Plus de 80 civils, dont des femmes et des enfants, ont été tués dans un raid aérien de l'armée sur un camp improvisé de déplacés dans le nord du Yémen, où d'intenses combats opposent depuis plus d'un mois la troupe à la rébellion chiite, ont raconté jeudi des témoins.

La rébellion des zaïdites chiites, en conflit avec le pouvoir depuis 2004, a dénoncé «un nouveau massacre commis par le pouvoir sanguinaire».

Une source officielle yéménite, interrogée par l'AFP, a refusé de confirmer le bilan se bornant à indiquer qu'un «avion a visé mercredi des rebelles qui ouvraient le feu alors qu'ils étaient mêlés aux civils».

Une source militaire, citée par le site du ministère de la Défense, a annoncé jeudi soir «la création d'une commission d'enquête pour s'assurer de la véracité des informations faisait état du bombardement de civils à Adi», dans la province d'Omrane, dans le sud de la région de Saada.

Auparavant, une autre source militaire avait assuré qu'il n'y avait «pas de camp de réfugiés dans la région d'Adi» et que les forces armées avaient «veillé depuis le début du conflit à ne prendre pour cibles que les terroristes rebelles».

L'accès des médias à la zone des combats est interdit.

C'est la première fois qu'il est fait état de la mort d'un aussi important nombre de civils dans cette offensive qui a débuté le 11 août entre l'armée et les rebelles retranchés dans leur fief de la région de Saada, frontalière de l'Arabie saoudite et située à 240 km au nord de la capitale Sanaa.

Les victimes ont été enterrées jeudi dans une fosse commune près du lieu de l'attaque, ont indiqué des sources tribales qui étaient incapables de préciser le nombre des sépultures, certains des corps étant déchiquetés.

Selon plusieurs témoins interrogés par l'AFP, un avion de combat a visé des familles qui avaient fui les combats et s'étaient réfugiées dans une vallée à Adi.

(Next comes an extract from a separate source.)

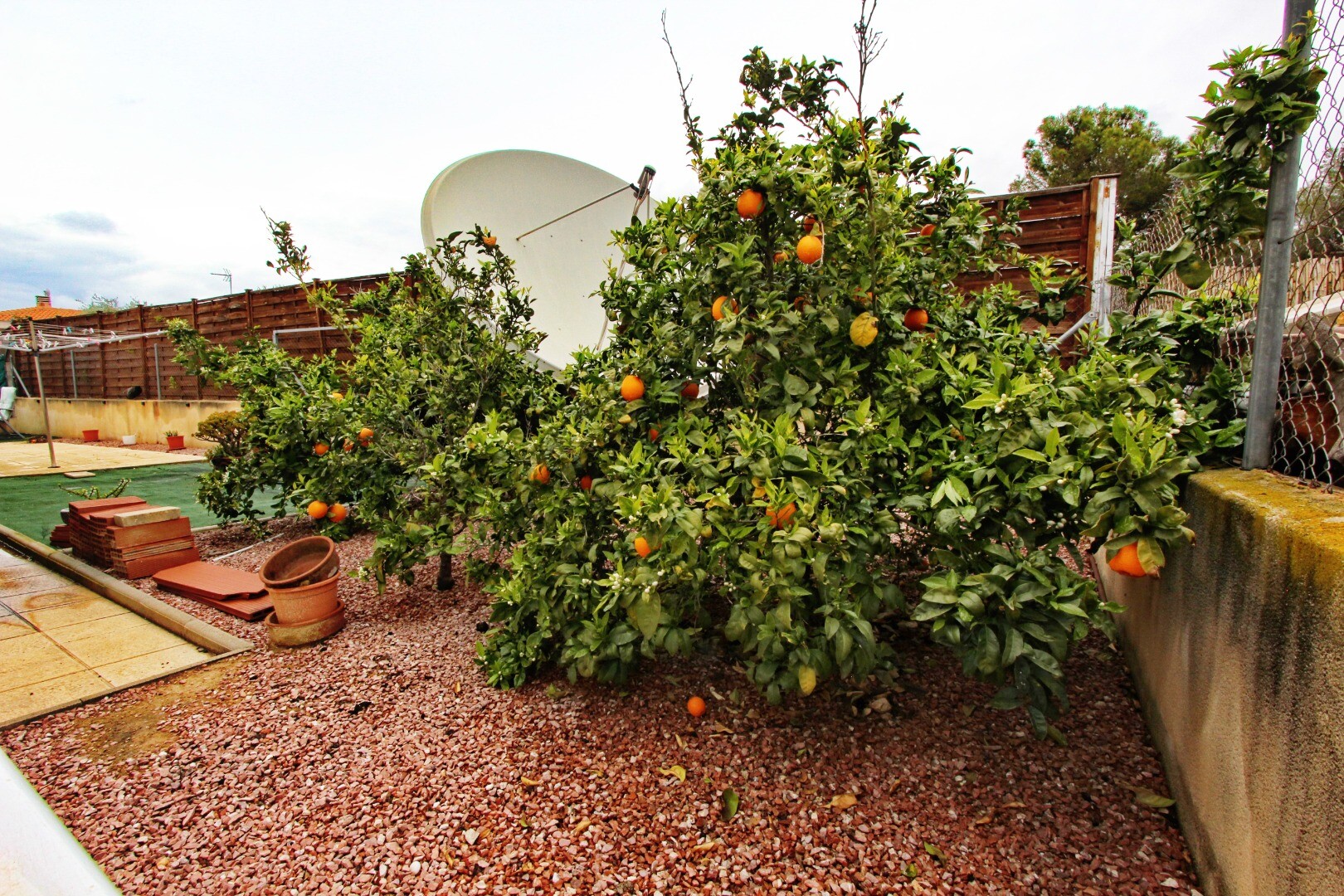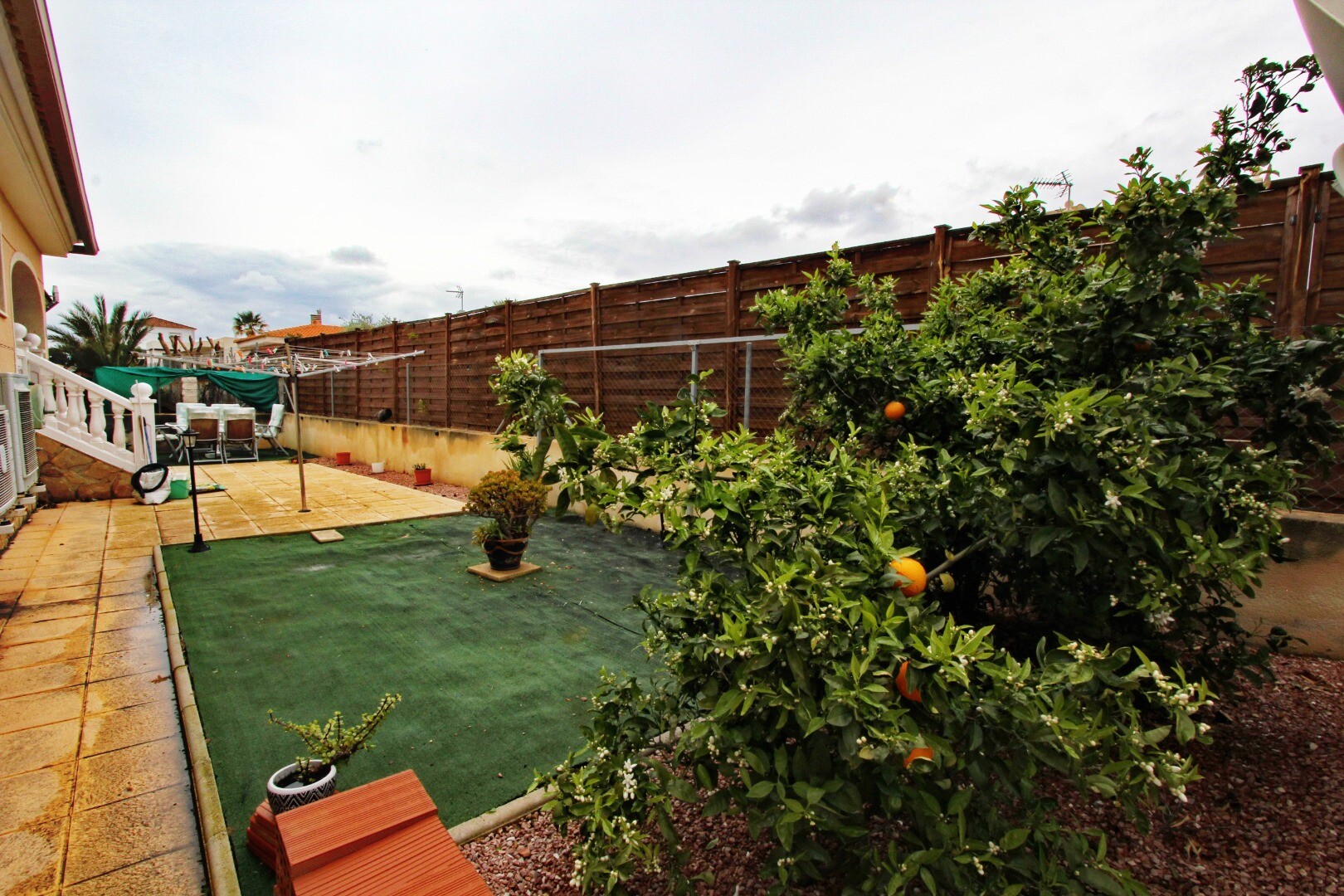 På baksidan av fastigheten hittar du ytterligare utomhusutrymme inklusive fruktträd, ett torkområde och en liten veranda – perfekt för vardaglig praktisk användning i kombination med avslappnat utomhusliv.

«Plus de 80 civils, pour la plupart des femmes et des enfants, ont été tués», a déclaré à l'AFP un témoin joint au téléphone par l'AFP de Sanaa.

Un autre témoin a parlé «d'au moins 87 tués» dans le raid.

Ces pertes ont été dénoncées de Genève par le Haut commissariat de l'ONU pour les réfugiés (HCR) et le Comité international de la Croix-Rouge (CICR) qui ont exhorté les parties au conflit à garantir la sécurité de la population civile, conformément au droit international.

Dans un communiqué parvenu à l'AFP, la rébellion conduite par Abdel Malek al-Houthi a affirmé que «des avions de type MiG ont bombardé un rassemblement de déplacés situé à 25 km de Harf Sufyan (...) (faisant) des dizaines de victimes».

A la veille de cette attaque, les rebelles s'étaient déclarés «prêts à un cessez-le-feu inconditionnel» dans une lettre au secrétaire général de l'ONU Ban Ki-moon, tandis que le gouvernement de Sanaa exige qu'ils se plient à six conditions, dont leur désarmement, avant d'arrêter son offensive.

A New York, l'organisation de défense des droits de l'Homme Human Rights Watch, citant des témoins, a affirmé qu'au moins 87 personnes, en majorité des femmes, des enfants et des vieillards avaient été tués dans le raid.

Elle a appelé le gouvernement à «ouvrir rapidement une enquête pour déterminer la responsabilité» de cette attaque et appelé les protagonistes à s'abstenir de viser les civils.

Mardi, l'ONU et le CICR ont réclamé l'ouverture «au plus vite» d'un couloir humanitaire sécurisé ouvrant un accès à des milliers d'habitants de la région de Saada, pris au piège par les combats.

Selon l'ONU, quelque 150 000 personnes ont été déplacées dans le nord du Yémen depuis 2004, dont 55 000 depuis le 11 août.

Le pouvoir du président Ali Abdallah Salah accuse la rébellion d'être soutenue par «certaines parties en Iran», et de vouloir rétablir l'imamat zaïdite dans le pays, ce que les rebelles démentent.